There must be some preprocessor metaprogramming going on this
example, too? That's pretty big for the preprocessor.

Yes, there is. Give me variadic templates and constexpr functions and I
can dispose of most of it :).

12.83% (201,068,544B) clang::ASTContext::CreateTypeSourceInfo

Yes, this is the type-source information I mentioned. If we make
template instantiation "perfect" with respect to type-source
information, so that any dependent type instantiates down to
something that structurally identical to the form it had when it was
written in the source, then we could avoid allocating memory for
type-source information in each type instantiation. We're not too far
from this goal, but it has to be *perfect* for us to use the
optimization.

A laudable goal.

04.94% (77,463,552B) clang::CXXConstructorDecl::Create
02.05% (32,157,696B) clang::CXXMethodDecl::Create
01.82% (28,585,984B) clang::CXXDestructorDecl::Create

A number of these could be eliminated if we were to lazily create the
implicitly-declared default constructor, copy constructor,
copy-assignment operator, and destructor.

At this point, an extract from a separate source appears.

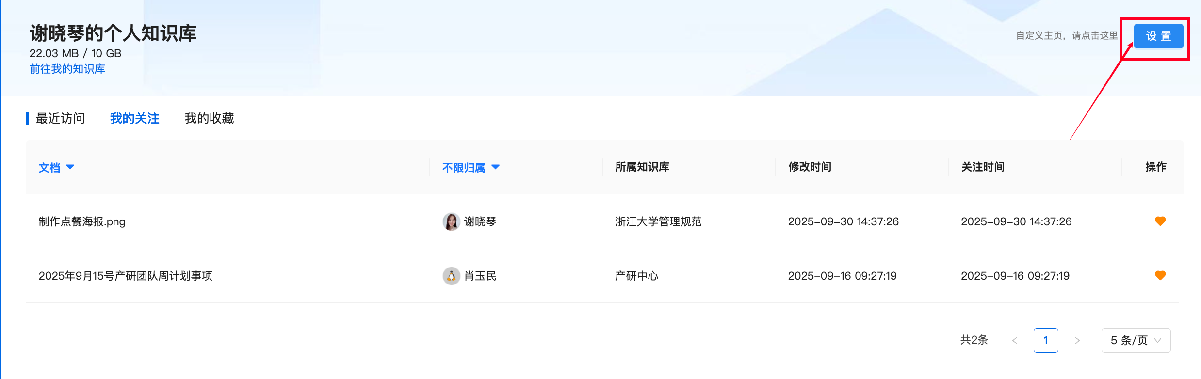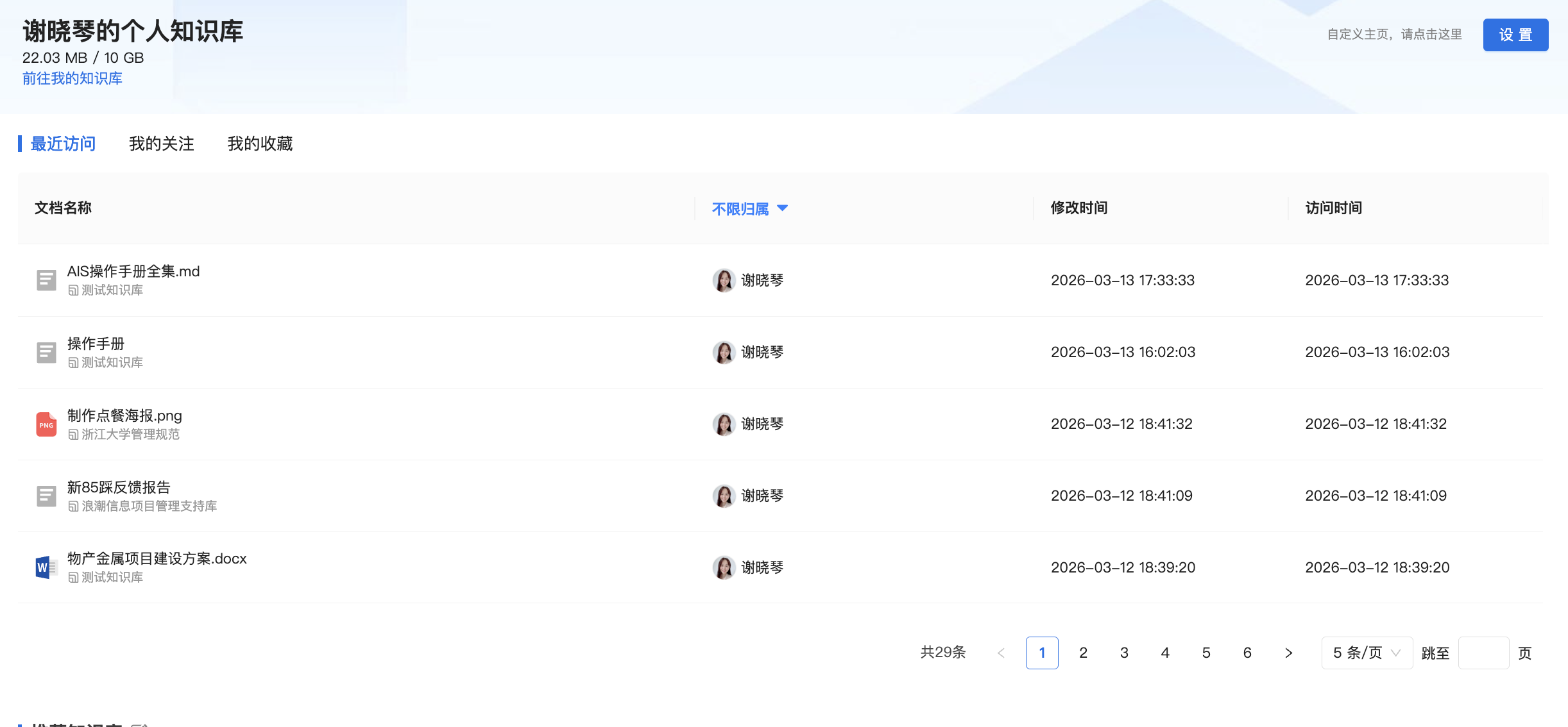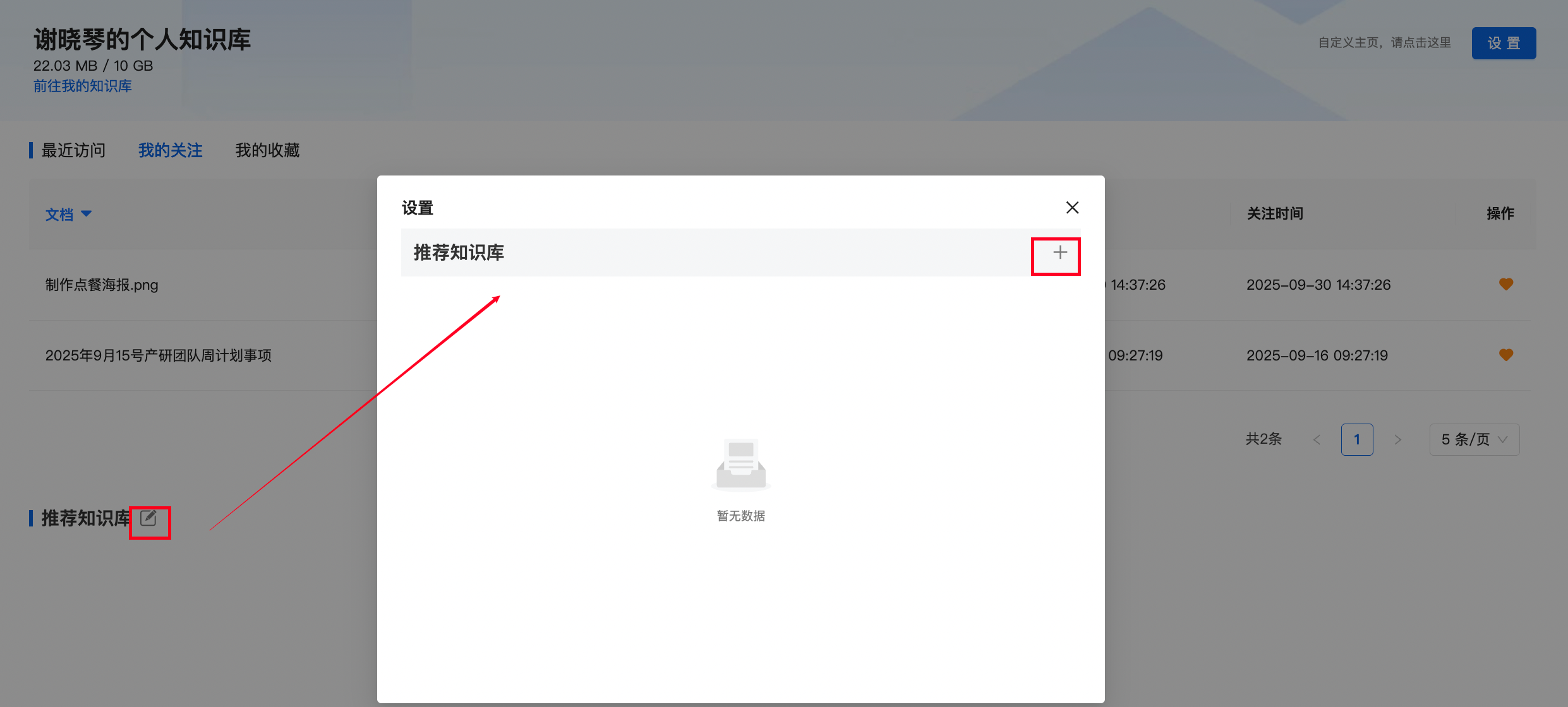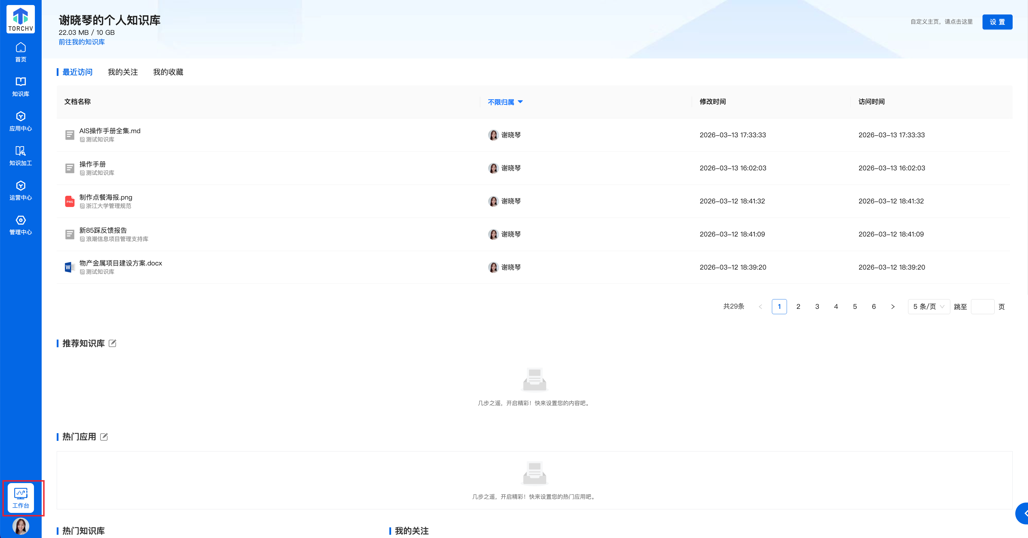 - 功能说明:查看工作台首页中的主要内容分区、个人知识库信息和页面设置入口。

That sounds like the easiest of these; if it is then it's a shame these
are not a larger proportion of the problem.

I wonder idly: How plausible would it be to allow execution in a
mode where no source information was maintained, and thus reduce
memory usage (at the expense of useful errors/warnings)? Such a
mode might be useful at times. I'm guessing it would be
prohibitively difficult.

We discussed this back when we improved type-source location
information, but I am very much against having such a mode: the AST
should always be the same, for all clients, or the size of the
testing matrix explodes and we get far worse coverage. We should
spend time optimizing the system as a unified whole rather than
trying to separate out the less-efficient bits that provide needed
functionality.

Yeah, that feels wise.

Thanks for the insight,

John Bytheway

Actually, we still don't unique non-canonical TSTs; it's possible that
doing so would cut down on memory usage in these cases, at least when none
of the template arguments are expressions.

We also make some unnecessary TSTs during argument expansion.

John.